- Theatrical poster
- Directed by: László Benedek
- Screenplay by: Alan Caillou
- Based on: Assault on Agathon novel by Alan Caillou
- Produced by: Nico Minardos
- Starring: Nico Minardos Nina van Pallandt Marianne Faithfull John Woodvine
- Cinematography: Giorgos Arvanitis Aris Stavrou
- Edited by: Igo Kantor
- Music by: Ken Thorne
- Distributed by: MGM
- Release date: July 24, 1975;
- Running time: 96 minutes
- Country: United States
- Language: English

= Assault on Agathon =

1975 film

Assault on Agathon is a 1975 drama film directed by László Benedek and starring Nico Minardos, Nina van Pallandt, Marianne Faithfull and John Woodvine.
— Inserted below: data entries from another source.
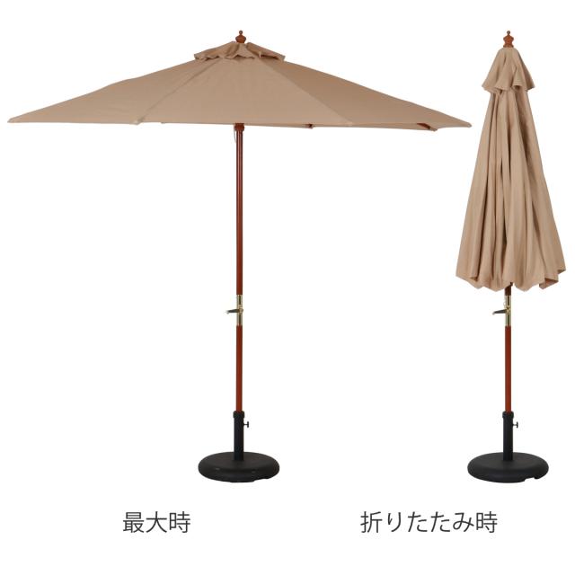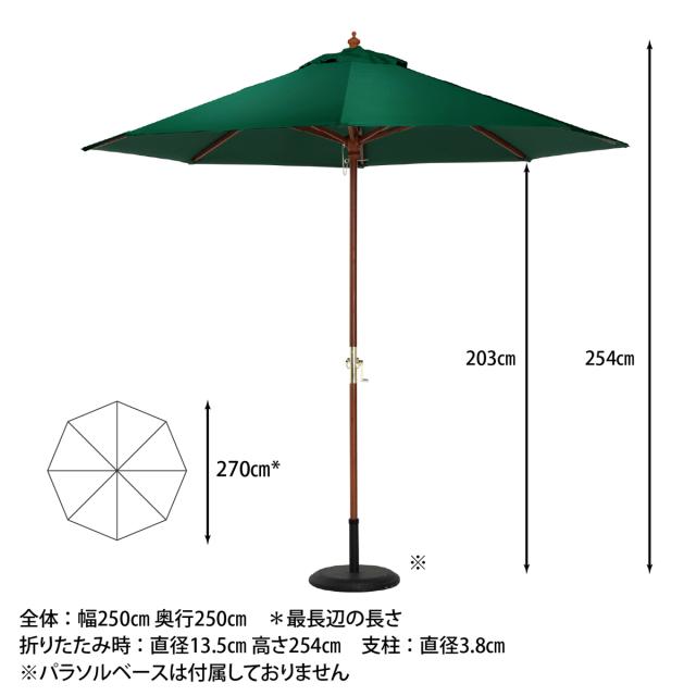 | サイズ | 約 幅250×奥行250×高さ254(cm) 親骨の長さ:142cm 展開時最長辺サイズ:約270cm 支柱径:直径3.8cm |
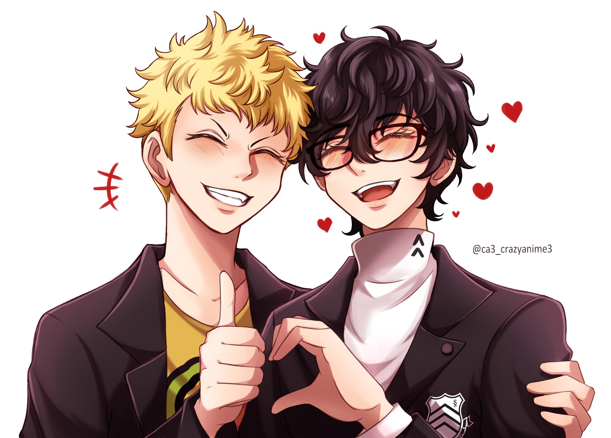2boys ^_^ amamiya_ren artist_name black_hair blonde_hair blush closed_eyes commentary crazyanime3 english_commentary facing_viewer glasses grin heart heart_hands_failure highres hug jacket male_focus multiple_boys open_clothes open_jacket open_mouth persona persona_5 sakamoto_ryuuji school_uniform shirt short_hair shuujin_academy_school_uniform smile teeth thumbs_up upper_body white_background yellow_shirt
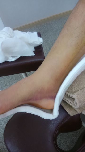下の写真は足首の内果とよばれる部位の骨折、1週間後の写真です。野球のスライディングや、バレー、バスケットの着地時に足首を捻り損傷しやすいところでもあります。
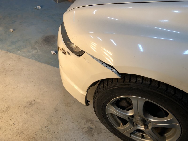 バンパー破損、フェンダー変形、ヘットライトのステー破損でオーナー様の要望で中古部品にて対応します。
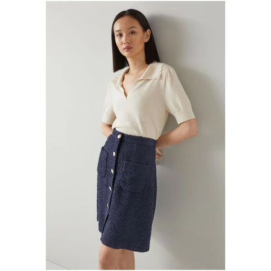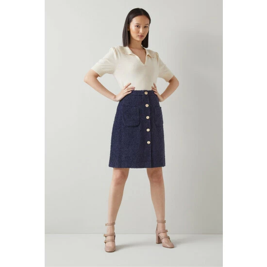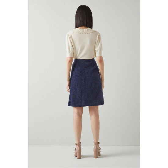 The Morten skirt is crafted in Europe from Italian navy blue tweed. It sits on the waist, has an A-line shape, patch pockets to the front, hammered matte gold buttons and it falls to above the knee.
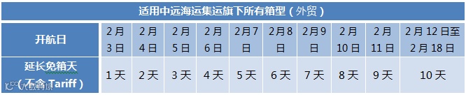 注:所有在2月3日-2月18日期间从中国大陆地区出运的出口订舱(外贸)货物,都将享有上述额外延长出口免箱期(不含堆存及冷插费用),并且不会产生额外的滞箱费用

It is based on a novel by Alan Caillou.

==Premise==
Cabot Cain is a Western secret agent assigned to stop the mysterious Agathon, an ex-World War II revolutionary, who is committing terrorist acts in Greece and Albania.

==Production==
Nico Minardos obtained financing for the film from Kjell Qvale, a Bay Area-based automotive entrepreneur who was then the majority shareholder in Jensen Motors. Minardos had approached Qvale for a product placement deal to use a Jensen Interceptor during filming but ultimately convinced Qvale to finance the entire movie.